Scientists and conservation groups have come up with ways to reduce these risks, including slower vessel speeds, which commercial shippers like Matson have already adopted during whale season. As national security and environmental protection are not mutually exclusive, the Navy would experience less scrutiny from these groups by adapting similar measures to reduce their environmental impact.
Unequal Protections Across Hawaii’s Waters
Local conservation groups also expressed frustration that the Navy continues to downplay the broader consequences of its training activities, particularly when vessel collisions already kill dozens of endangered whales in the Pacific each year.
Environmental law requires federal agencies like the Navy to disclose all potential impacts to marine mammals, including those caused by testing. Yet the Navy has repeatedly sought expanded allowances to conduct exercises off Hawaii’s coasts. While it has pledged to limit its most intense sonar use in designated mitigation areas around the Big Island and Maui during humpback whale breeding season, this accommodation does not do much to protect other species.
The Navy’s own report identifies 11 biologically important areas across the Hawaiian Islands that are critical to spinner dolphins, bottlenose dolphins, and other whale species. Despite acknowledging these ecosystems, the report does not extend the same sonar restrictions that will be used in humpback whale breeding season.

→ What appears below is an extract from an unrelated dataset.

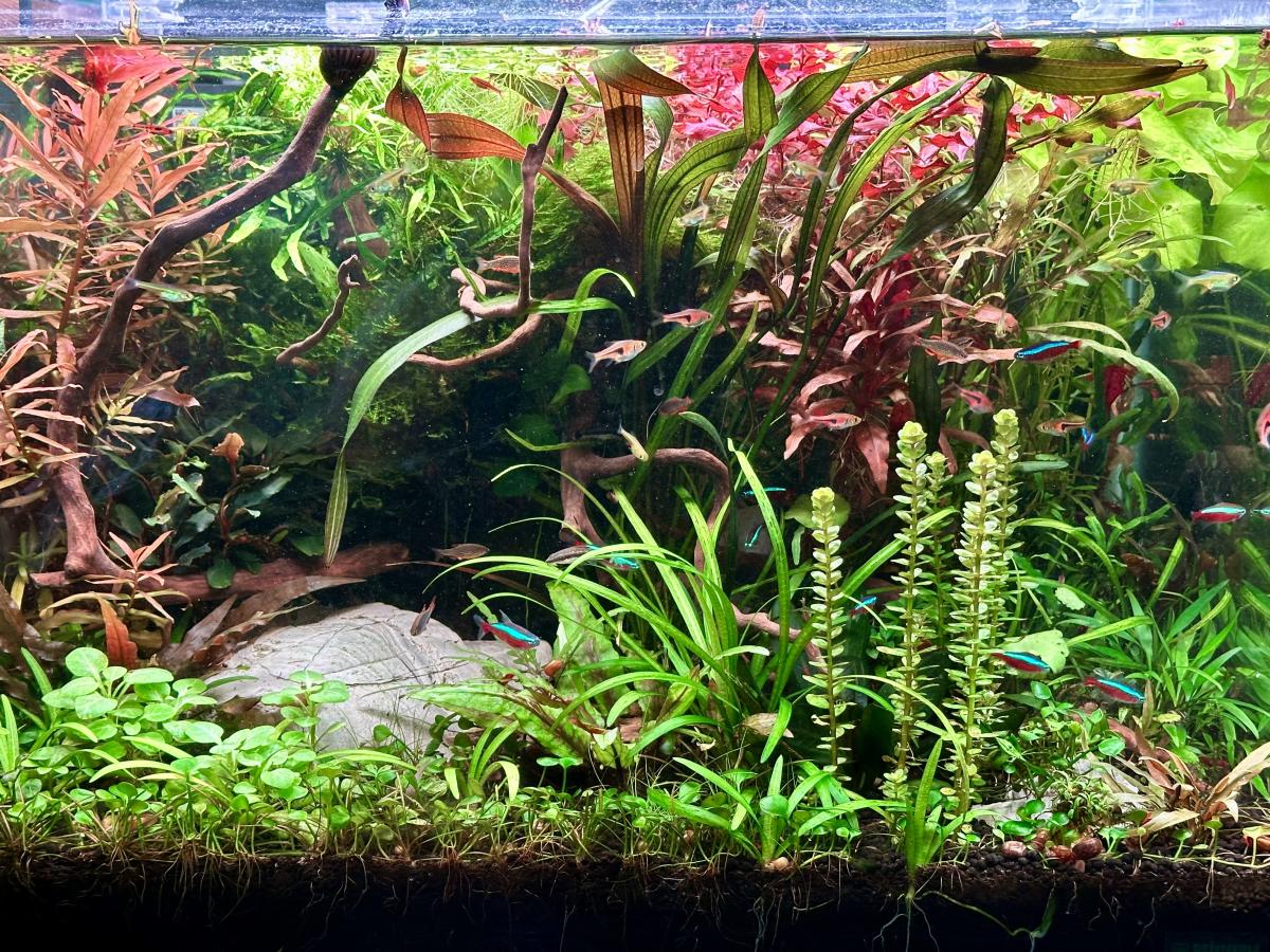 Скалярии ценят баланс: им нужны и густые заросли растений для укрытий, и открытое пространство для плавания. Хорошо себя показывают длинностебельные культуры — эхинодорус, валлиснерия, кабомба.

Bottlenose dolphins alone are expected to experience disruptions to breeding, feeding, and other vital behaviors more than 310,000 times, alongside muffled hearing and heightened collision risk.
A Model Failing to Capture Reality
The Navy’s claim that its testing will result in just one or two whale deaths over seven years relies on population estimates that have already proven unreliable. In fact, a research paper from 2011 revealed that certain species of whales could not maintain normal foraging and vocalizing routines when exposed to Navy sonar testing at much lower levels than the Navy predicted to cause harm to their population.
In 2018, the Center for Biological Diversity estimated that Pacific training exercises would harm marine mammals 12.5 million times in just five years. That number has since ballooned to 35 million estimated harms over seven years across Hawaii and California waters. To suggest that this level of disturbance somehow translates into only a single fatality requires ignoring both past underestimations and the inherent uncertainty of military testing.
Testing, by definition, assumes controlled conditions. It does not and cannot account for system failures, misfires, navigational errors, or unexpected animal presence in dynamic ocean environments. Hawaiian waters are biologically dense and culturally significant ecosystems. Treating them as statistically manageable variables minimizes real risks to their populations.
A Call to Action
Hawaii should not be asked to accept millions of documented harms in exchange for reassurances that collapse under scrutiny. Environmental laws exist to prevent exactly this kind of trade-off. The Navy must revise its environmental review to require stronger mitigation, expanded protected zones in biologically critical areas, and meaningful reductions in sonar use and vessel speeds.
Protecting Hawaii’s marine life does not weaken national security, it strengthens it by upholding environmental responsibility and public accountability. Policymakers and the public must demand transparency grounded in ecological reality. Hawaii’s waters are not expendable, and its marine life cannot be reduced to margins of error.